My bookshelves are not terribly political. A biography or two, a bit of humor about our political system, but not much else – I figure it’s bad enough I have to see politicians on the news every day, I have no desire to read about them in my leisure time. I accepted The Obama Revolution for review primarily because it came out so close on the heels of the November elections. I thought it would be more interesting to read about a very recent election, one I was very excited about, than to rehash a political contest I barely remembered. For the most part, I was right.
Alan Kennedy-Shaffer is at his best talking about his experiences organizing and campaigning for Barack Obama. He tells some interesting stories about the people he met and the places he traveled, the challenges that the campaign faced as they attempted to organize in an entirely new way. He has great affection for the people he worked with and their mutual commitment to change and to Obama. I wish the book had focused more on this aspect of the campaign.
The book is dense with facts and quotes – too dense, in many places. The quotation marks and footnotes become visually distracting as you work your way through paragraphs. Some quotes and footnotes seemed pointless – for example, when talking about Obama’s early stump speeches, Kennedy-Shaffer says they lacked “detailed, real-world specifics.” Was it really necessary to quote and footnote someone else to say “detailed, real-world specifics”? It gets tedious, and the sheer volume of footnotes ensured that I didn’t bother to check on the sources for many, many things.
The most enlightening part of the book, for me, was the clear explanation of the 50 State Plan, as it applied to Obama’s campaign. I have a far better explanation of the steps that Howard Dean initiated, how they differed from the way campaigns had been run in the past, and how the Obama campaign took those ideas even further. Of course, I heard talk about it during the election, but I never really understood how fundamentally it differed from the standard campaign strategy. It certainly give me some insight into how the Democratic party plans to move forward over the next four years.

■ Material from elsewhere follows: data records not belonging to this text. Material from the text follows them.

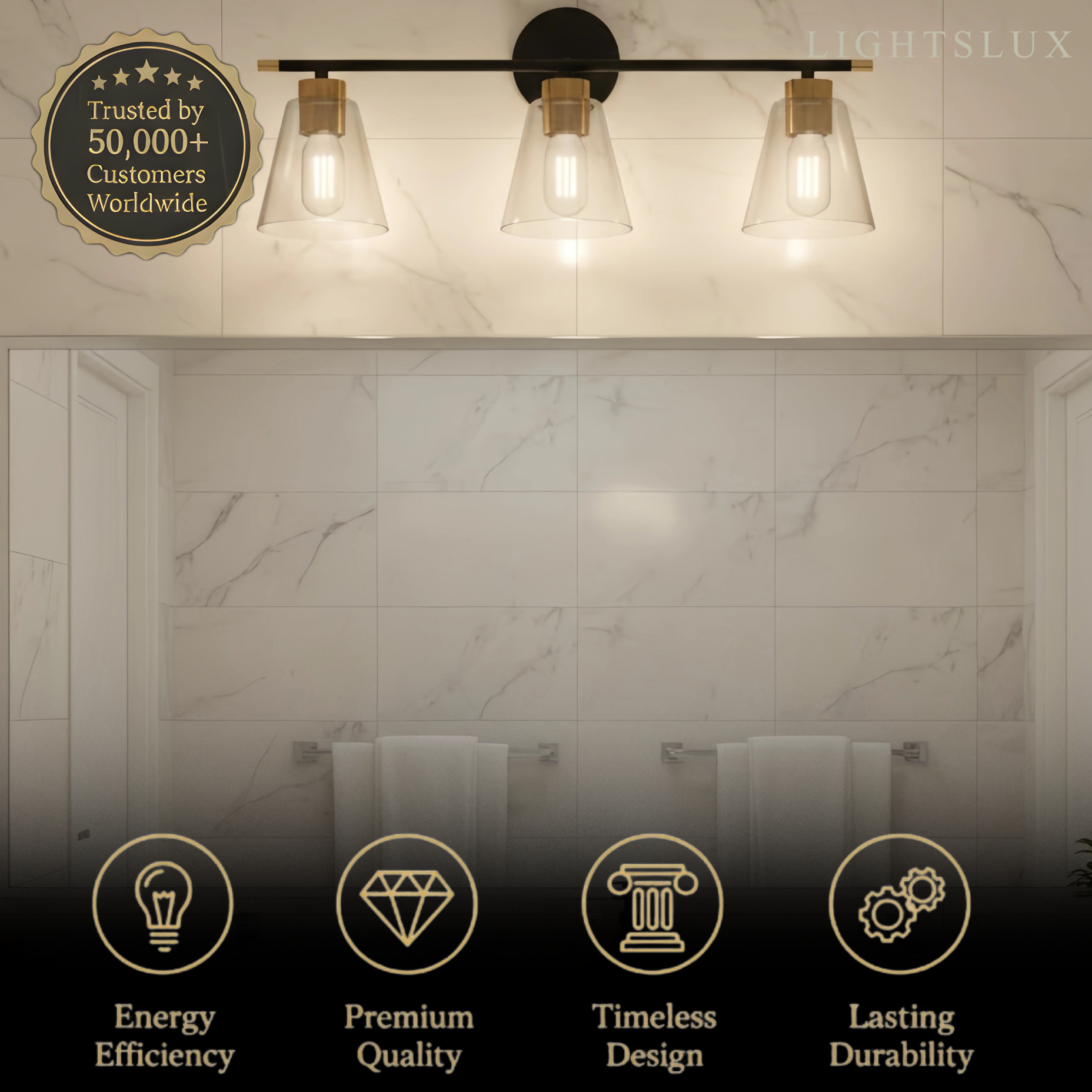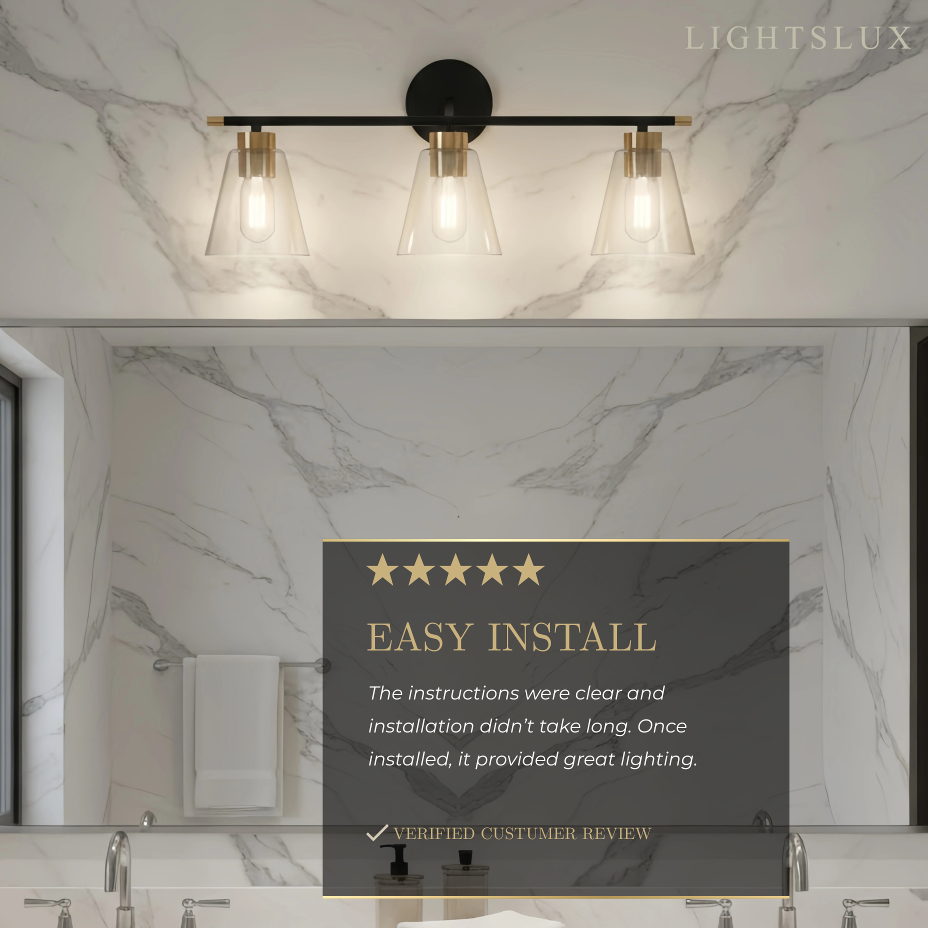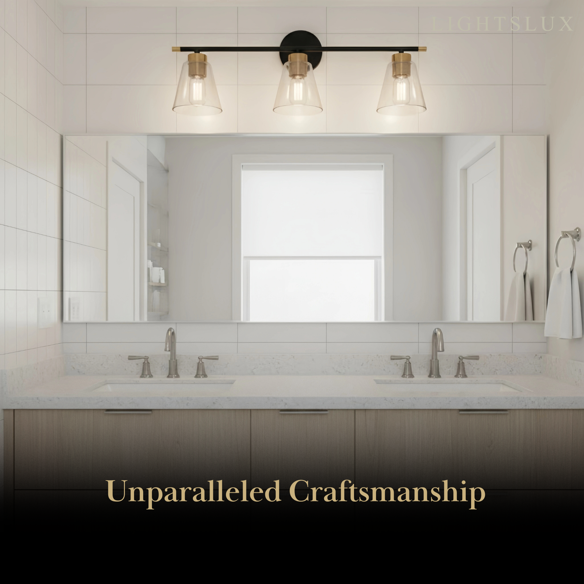 This bathroom vanity light combines refined elegance with modern functionality, featuring a matte black frame accented with brushed gold details and three clear, flared glass shades. Its clean lines and dual-tone finish bring a polished, luxurious touch to any bath or powder room, delivering both style and ample, soft illumination. Designed to seamlessly integrate into contemporary interiors, it offers a sophisticated lighting solution that balances aesthetics with performance.
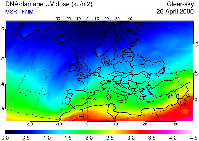DNA-damage UV dose of 26 April 2000
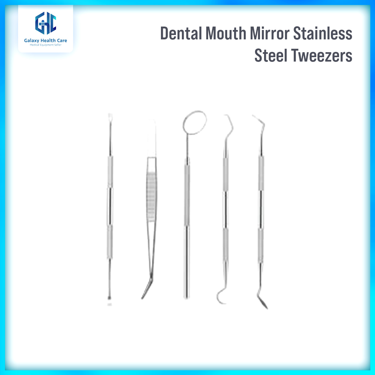 Three-piece set: tweezers, elbow probe, mouth mirror
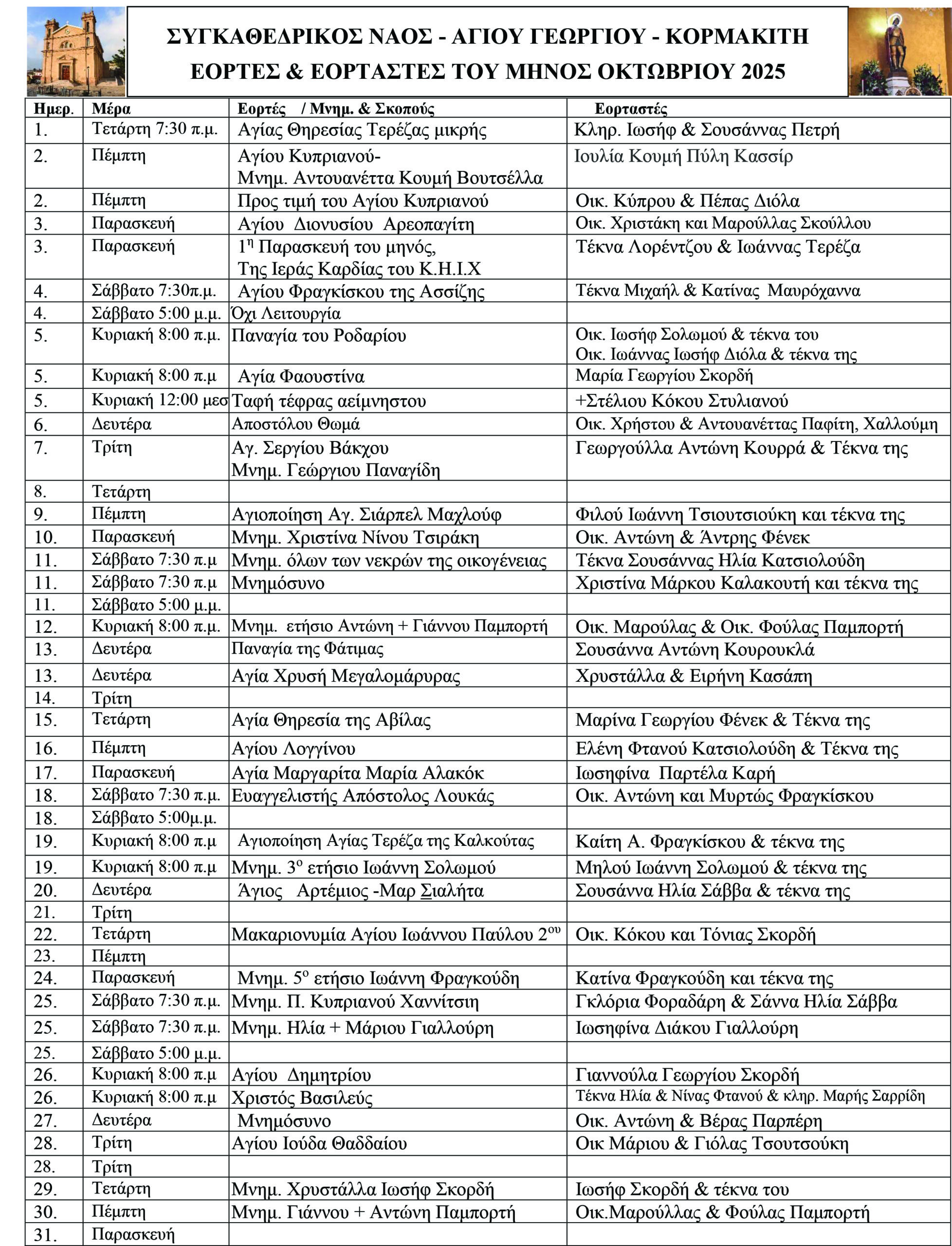 Εορτές και εορταστές Συγκαθεδρικού Ναού Αγίου Γεωργίου Κορμακίτη για το μήνα Οκτώβριο 2025
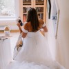 Bronte: The Bronte bridal gown is cut in our lighter than air pebbled organza fabric. The flattering scoop neck is accented by the beautifully pleated bodice and elegantly draped sleeves which can be removed to create a strapless look. The full A line skirt lends a whimsical yet dramatic feel to this timeless gown.

Another highlight of the book: 10 of Barack Obama’s key speeches, reprinted at the back of the book. Nice to be able to revisit key moments and look more carefully at exactly what our President had to say in the lead-up to the election.
All in all, I found this an interesting read. A little heavy on rehashing the campaign literature, but some of the analysis is enlightening. I would have enjoyed hearing more about life on the front lines of the campaign, because those were great stories, but that is, I suppose, a different kind of book.